Свет. Фонарики горят, поблескивают лужи, капают капли, грохочет железо. Навстречу нам с обушками на плечах идут спокойные забойщики. И Виктор Степанович говорит, как будто продолжая начатый разговор:
— …дается световой сигнал. Смена рабочих.
Неужели тьма длилась одно мгновение? Неужели всего один миг?
Мне кажется — прошла жизнь.
Квершлаг перешел в коренной штрек[35], начались забои.
— Как вам нравится эта змея? — спрашивает Виктор Степанович.
По полу, по лужам ползает, изгибаясь и подпрыгивая, бесконечно длинная серая змея — резиновый шланг.
Толстую железную голову ее держит за уши забойщик.
В яростной злобе железная голова змеи с молниеносной быстротой выбрасывает, прячет и опять выбрасывает прямое стальное жало: «гвоздит» им в черную стену.

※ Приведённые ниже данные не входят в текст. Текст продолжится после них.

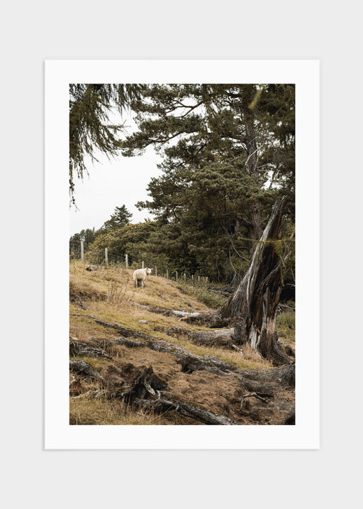 Vackert och minimalistiskt fotografi av ett får i Skottland. De jordnära tonerna hjälper dig att skapa en harmonisk känsla i ditt sovrum eller vard...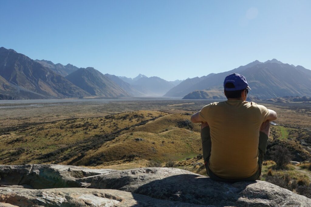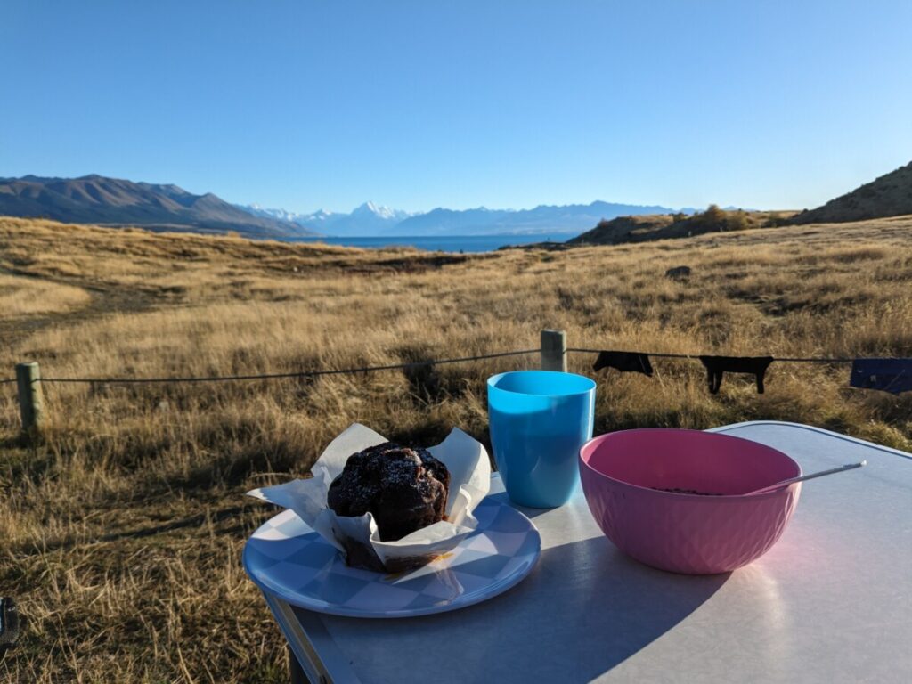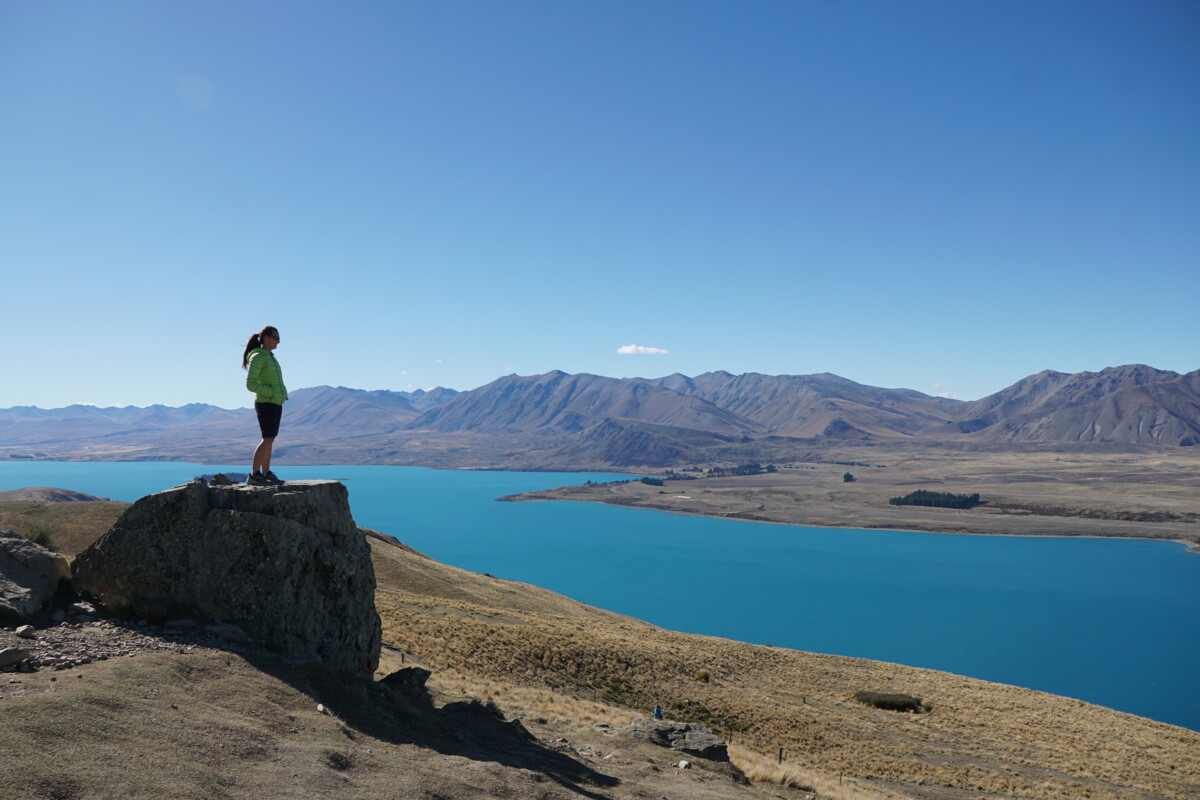 Für unsere letzte Woche in Neuseeland hatten wir nochmal ein Traumwetter – meist wolkenlos! Am türkisblauen Lake Tekapo noch eine kleine Wanderung, bevor es nach Timaru ins Schwimmbad ging. Am darauffolgenden Tag entschieden wir uns aufgrund des herrlichen Wetters, nochmal ins Landesinnere in die Berge zu fahren, genauer gesagt zum Herr-der-Ringe-Drehort für Edoras und Helms Klamm. Die Fahrt dorthin führt über eine ewig lange Schotterstraße, vorbei an nur noch vereinzelten Farmen. Eine kurze Wanderung bringt einen auf den Mount Sunday, der so heißt, weil sich dort früher immer sonntags die umliegenden Farmer getroffen haben. Die Aussicht in die unbewohnten Täler ist wirklich spektakulär. Wir übernachteten einfach auf dem Wander-Parkplatz, und am nächsten Morgen ließen wir uns ein Frühstück im wohl abgelegensten (und komplett autarken) Café Neuseelands schmecken, der Mt. Potts Lodge. Nach sehr kalorienreichen Eggs Benedict und Pancakes brauchten wir einen Verdauungsspaziergang, weshalb wir den Lake Clearwater in 2,5h umrundeten. Ursprünglich wollten wir zwar einen Gipfel besteigen, aber irgendwie fehlte uns dann die Motivation, wohl ausgelöst durch maßloser morgendlicher Völlerei.

Брызгами летит из-под него уголь.
— Отбойный молоток. Действует сжатым воздухом. Резиновый шланг — воздухопровод к нему.
— Все это очень интересно, — говорю я. — Но ведь вы обещали показать мне и живых зверей?
— Покажу, покажу, все покажу. Да вот они и сами.
Он показал вперед по штреку.
Оттуда приближался маленький поезд. Впереди шла лошадь, таща за собой пять вагонеток, полных угля. За ней еще лошадь с вагонетками и еще. На передних вагонетках лежали коногоны.
Лошади шли медленной поступью, низко-низко опустив голову. Трудно было сказать, какой они масти: угольная пыль превратила рыжий цвет в бурый, серый — в черный, белый — в грязно-серый.
Когда они приблизились к нам, я хотел отвернуться.
Я знал, что в шахтах, годами без солнца, лошади слепнут, и не хотел глядеть в ужасные немые глаза этих животных.
Но первая из лошадей встряхнула головой и глянула на меня.
— Зрячая! — удивился я.
— Ну да, — сказал Виктор Степанович. — У нас они не теряют зрения, потому что работают в три смены, по восемь часов. Остальные шестнадцать они проводят наверху, на «дневной поверхности». Вообще лошадь в шахте — это пережиток старины. Мы всюду сейчас, как в Губахе и в Кизиле, вводим под землей электровозы.
— Смотрите, — сказал я. — Как та вот, гривастая, идет: видно, еле тянет.
— Это Манька-то? — встрепенулся коногон и повернулся к нам лицом. — Она нарочно надувается. Хитрющая зверюга! Попробуй ей лишнюю вагонетку прицепи. Полагается пять, она знает. Повернет голову, смотрит и считает. Как начнешь прицеплять шестую, сейчас зауросит, головой замотает, копытами бьет. Она счет знает, право слово, знает. В обиду себя не даст, вре-ешь!
Поезд прошел, и мы направились дальше.
— Вот еще тут по вашей части, — сказал Виктор Степанович.
На стене, немного выше моих колен, висела клетка с канарейкой.
Другая клетка стояла на полу. В ней копошились две розовохвостые белые мыши. Рядом горела на земле шахтерская лампа.
— Свинство! — рассердился я. — Что это еще здесь за любители канареек и белых мышей? За что лишили животных солнечного тепла и света? Да еще и повесили так низко.
— Вы ошибаетесь, — возразил Виктор Степанович. — Канарейка и мыши здесь на государственной службе. О, самая ответственная, самая тонкая и опасная служба! — продолжал он, поймав мой недоуменный взгляд.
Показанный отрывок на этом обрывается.